As a maturing woman in her 20s, I am beginning to appreciate the people I love more and more. Specifically, my family. Life is so short that I would hate to look back and think, "I wish I would have been closer to my brothers, or my father."
Regrets ain't so cool.
When I'm old and grey, I want to be able to chill on my porch all day with a smile, knowing that I lived and loved. Hard. And, that everyone knew how much I cared.
That's why it breaks my heart to watch shows like Intervention where relationships have been destroyed due to an addiction to drugs, pills, etc. You see a childhood that was lost. A gap in the Soul of these peeps that may never be filled.
There was this man on a recent episode. With dark-rimmed glasses and a stone face caused by years of neglect from not having a father at home. Who is his daddy? Rocky Lockridge, a once famous boxer but now broke and homeless bum living in filth on the streets. He's also addicted to crack and has no other passion in life except to get more.
That's why he's the main event on this week's episode of Intervention. And, that's why he doesn't know any of his sons; he left them when they were small boys. For most of their life, they grew up thinking he was dead, not living in another state doing his own thang...which he was.
So, you can imagine, when this stone faced man finally sat in a room with his father during the intervention stage, there was moment when his voice cracked. A moment when his Being let out a sigh after years of silent tears and wishful moments of a father that never was around.

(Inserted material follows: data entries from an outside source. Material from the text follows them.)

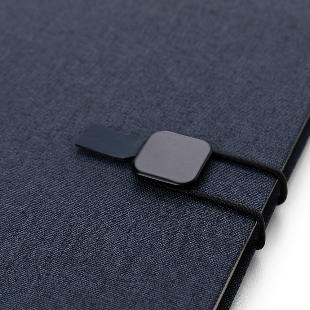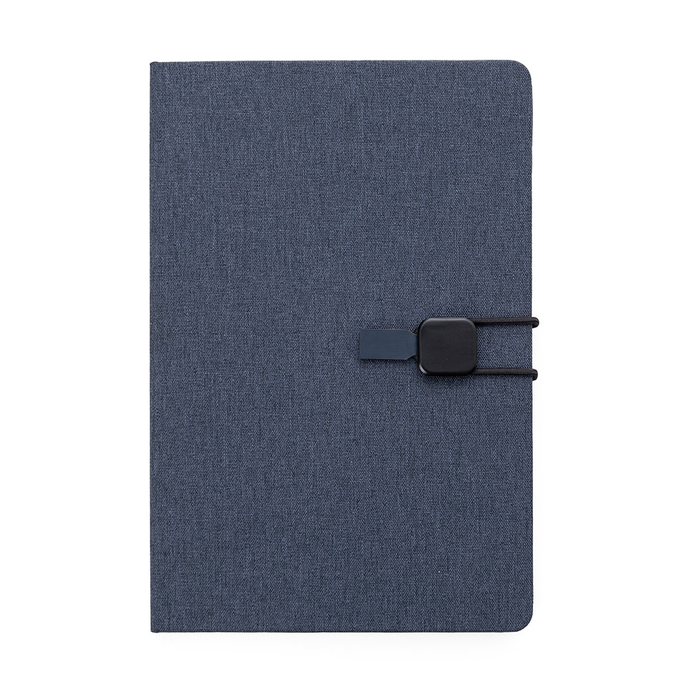 Descrição: Caderneta capa dura em tecido de poliéster. Miolo com 80 folhas pautadas na cor bege. Possui elástico lateral com detalhe em couro sintético para fechamento do caderno.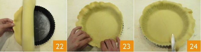 Now butter a 9-inch tart pan and use the rolling pin to lift the rolled-out pastry and place it in the tart pan 22, ensuring it adheres well to the edges by pressing lightly with your fingers 23. Then remove the excess dough protruding from the edges of the tart pan using a small knife 24.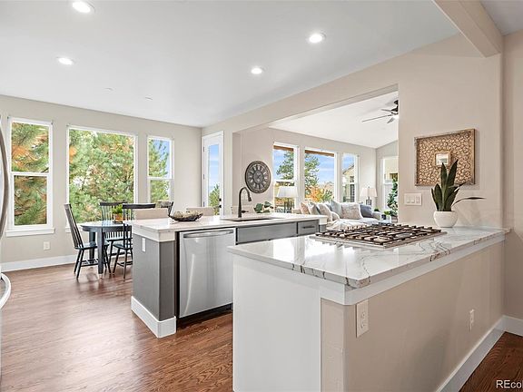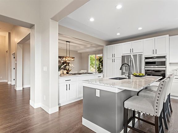 Welcome home to this stunning newly remodeled custom property in The Village at Castle Pines! As you come inside you’ll find an amazing gourmet kitchen featuring all new appliance, dual oven combination, Bosch gas cooktop, refrigerator, new quartz countertops, large center island, dining room, living room, complete with hardwood floors throughout and a beautiful new deck, perfect for entertaining. The main floor master suite features a gorgeous new ensuite master bath, custom tile throughout, and large walk-in closet. On the main floor you will also find another bedroom, office, full bathroom, laundry room, with a third car garage or golf cart storage. Come downstairs to the beautiful walkout basement complete with a new secondary master bedroom, tranquil ensuite master bath featuring gorgeous floor to ceiling tile, a gigantic entertainment and game room complete with a wine bar, another bedroom, gorgeous bathroom, and a covered patio looking out into the backyard also backing to open space. Also, maintenance free* The Village at Castle Pines is an exceptional residential gated community with spectacular views of Pikes Peak, Mount Evans, and the Rocky Mountains. World class amenities include 3 pools, a state of the art fitness facility, tennis, pickle ball, pocket parks, and walking & biking trails throughout. The community is gated and staffed with 24/7 emergency services and alarm monitoring tied to your security system. Two signature nationally rated Jack Nicklaus private golf courses can be found in The Village Castle Pines; the newly renovated Country Club at Castle Pines and The Castle Pines Golf Club make for an unmatched golf experience. This is a quiet forested retreat with easy access to Denver and Colorado Springs, 15 minutes to Park Meadows, 20 minutes to DTC, and highly rated Douglas County Schools.

Until finally, the words started pouring out --
"People tell me that you're the champ. The champ of what?"
"You've left me looking over my shoulder at every black man that walks past me, hoping that it was you."
(photo found here)
"I've waited over fifteen years for this moment!" He yelled, tears running down his face. "Do you hear me?"
"Sure son. Ain't nothing slow 'bout your daddy 'cept the way he moves," Rocky replied with a sad look in his eyes.
"I have no faith in you."
"You've caused me to hate you with a passion so deep it runs through my veins like the blood that flows through yours! And still I am here because I know that somewhere, deep down in my heart, I still love you."
Rocky, unable to keep his composure, let out a loud cry that lasted over five seconds. It felt and sounded like a terrible, deep pain that lives in him.
This is the moment where I broke down. A family ravaged by an absent father. Torn apart by the man they needed to see everyday. An old boxer who couldn't live down his past, or the shame of losing his success as a boxer. It's sad. It's f-cked up. It's messy. It's full of tears.
When his son says, "Please change my faith in my father," you hope that he will. For his family, for himself, and for their future.
We all deserve to sit on that porch.
wow...I missed that one. I can totally understand though.I often think of the day when i will have to go to my fathers funeral. A man I know but also a man who has not been the daddy..that he should have been. I wonder if I will cry or stand there stone faced looking at a man who is my father but, whom I do not know. I think that children who are born to these men either grow up to be the exact opposite ( responsible to the extreme) or just like their father ( absent)...its really sad and the feeling do burn in you...forgiveness is hard in this circumstance. I am still praying for the grace to be able to forgive.
Thanks so much, Anonymous, for sharing. Forgiveness is tough. I feel you on that for sure. Time will tell with you and your father. Good luck and keep the words comin' = ) They're much appreciated!